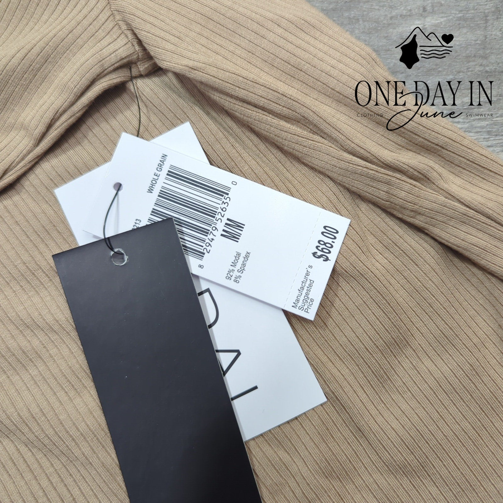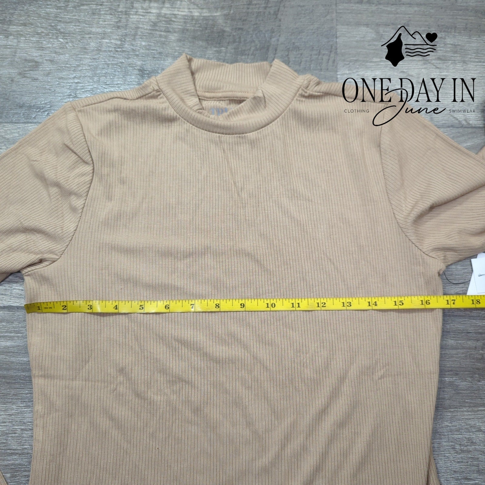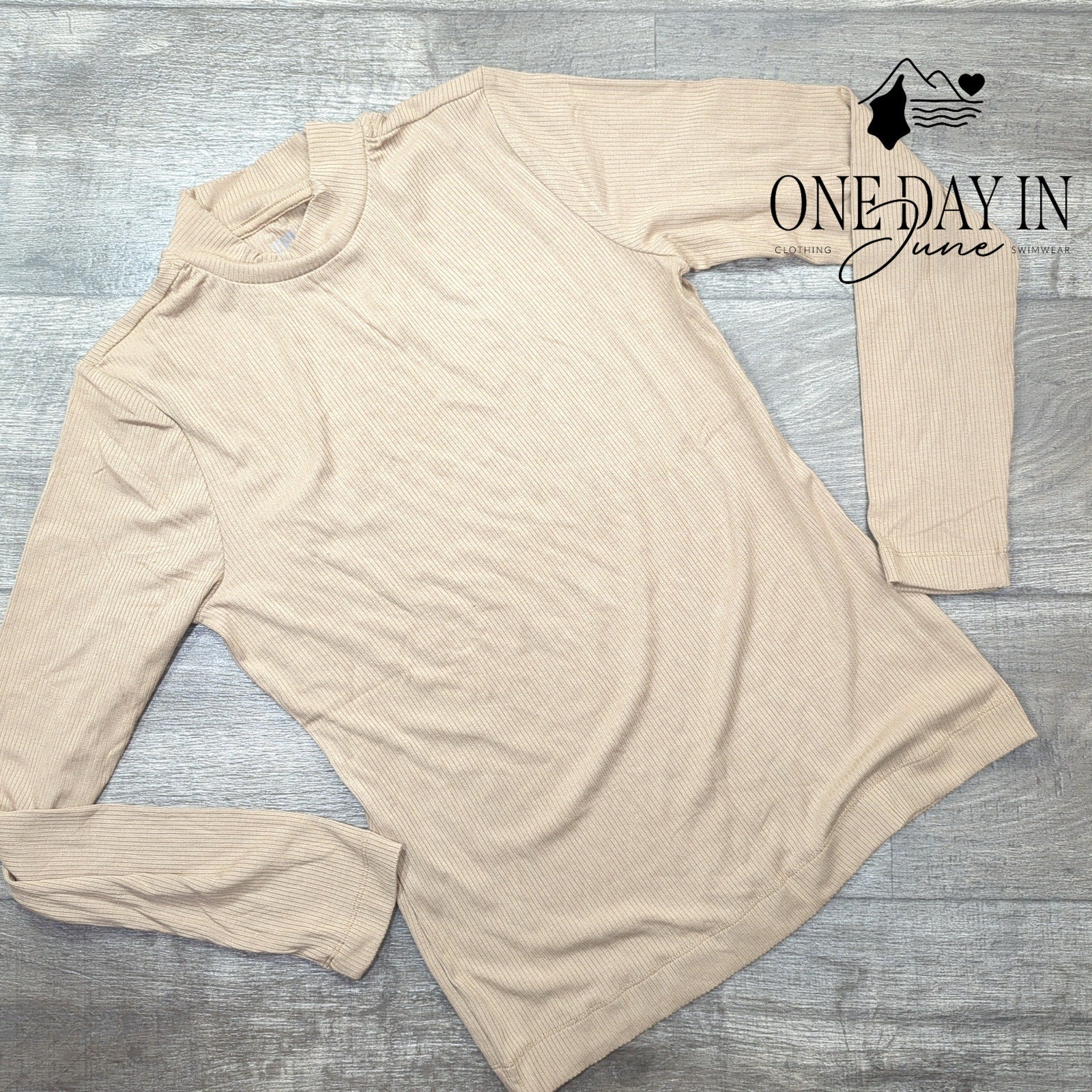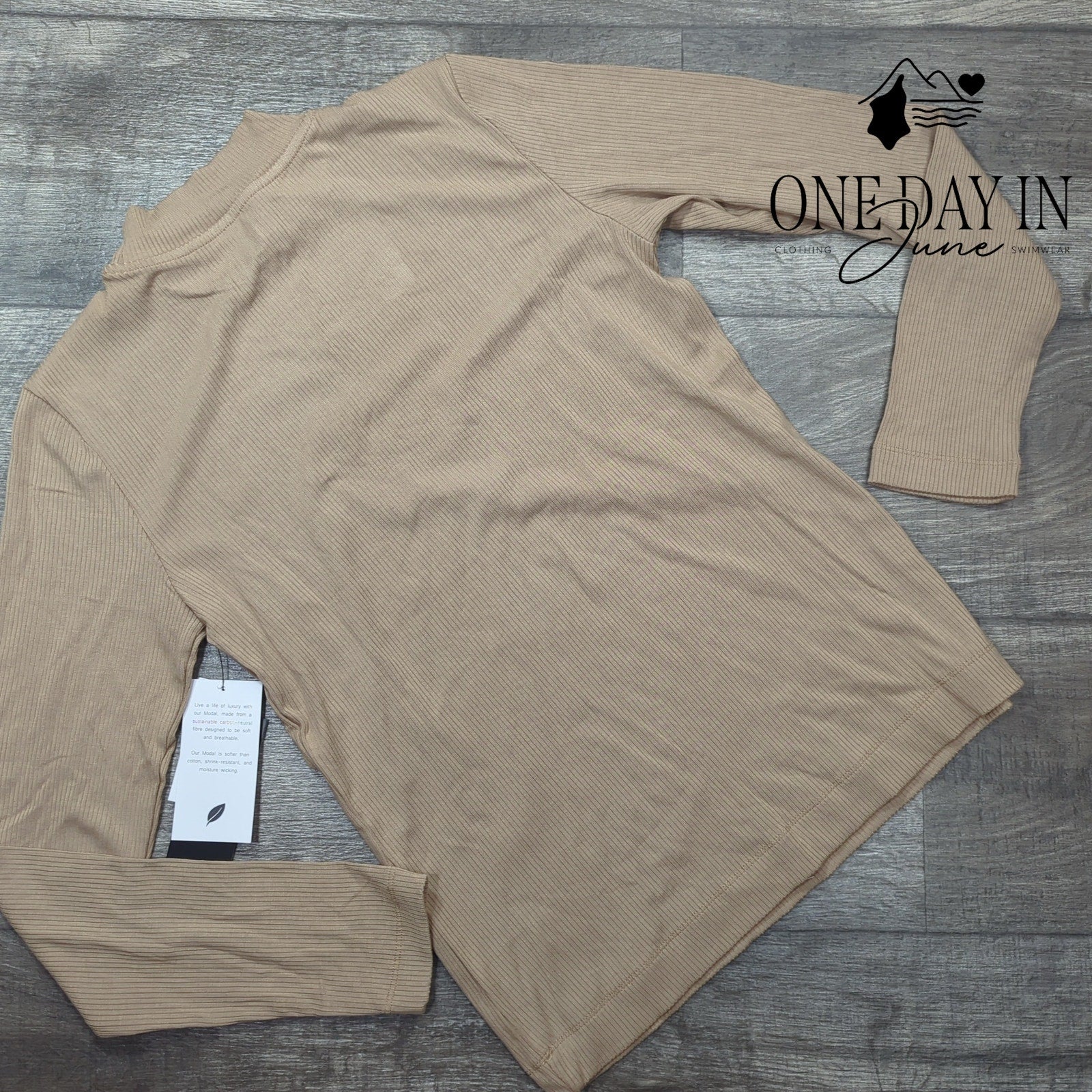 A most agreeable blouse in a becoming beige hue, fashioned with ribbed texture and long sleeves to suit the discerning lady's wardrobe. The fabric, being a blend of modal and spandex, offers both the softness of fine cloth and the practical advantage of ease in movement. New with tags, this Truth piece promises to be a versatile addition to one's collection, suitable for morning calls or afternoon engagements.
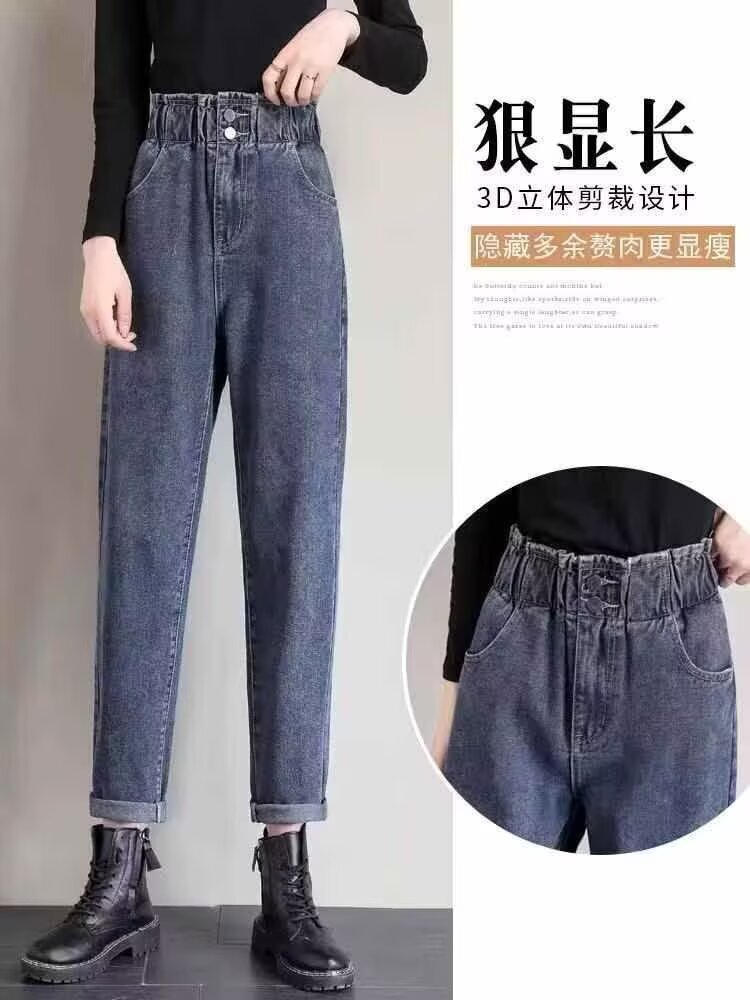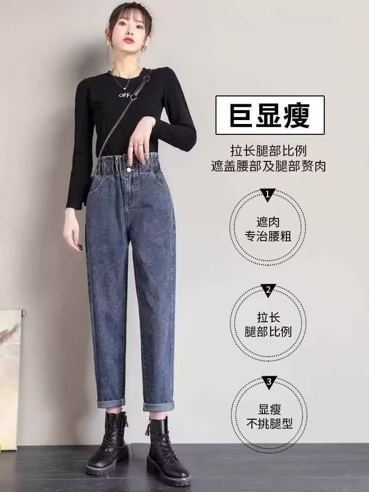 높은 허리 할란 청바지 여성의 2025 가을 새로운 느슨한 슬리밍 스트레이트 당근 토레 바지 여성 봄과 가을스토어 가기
---
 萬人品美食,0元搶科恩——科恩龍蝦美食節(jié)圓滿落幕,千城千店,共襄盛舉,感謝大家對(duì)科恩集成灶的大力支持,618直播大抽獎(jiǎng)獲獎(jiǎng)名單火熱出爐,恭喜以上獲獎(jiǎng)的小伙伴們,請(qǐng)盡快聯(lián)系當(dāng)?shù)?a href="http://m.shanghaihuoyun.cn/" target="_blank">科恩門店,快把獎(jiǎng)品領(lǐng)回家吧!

## Required action:
Using the records above, repeat exactly the run of lines that starts with the line with "A most agreeable" and goes on through the line with "높은 허리 할란 청바지"; omit each picture.

## Written response:
 A most agreeable blouse in a becoming beige hue, fashioned with ribbed texture and long sleeves to suit the discerning lady's wardrobe. The fabric, being a blend of modal and spandex, offers both the softness of fine cloth and the practical advantage of ease in movement. New with tags, this Truth piece promises to be a versatile addition to one's collection, suitable for morning calls or afternoon engagements.
 높은 허리 할란 청바지 여성의 2025 가을 새로운 느슨한 슬리밍 스트레이트 당근 토레 바지 여성 봄과 가을스토어 가기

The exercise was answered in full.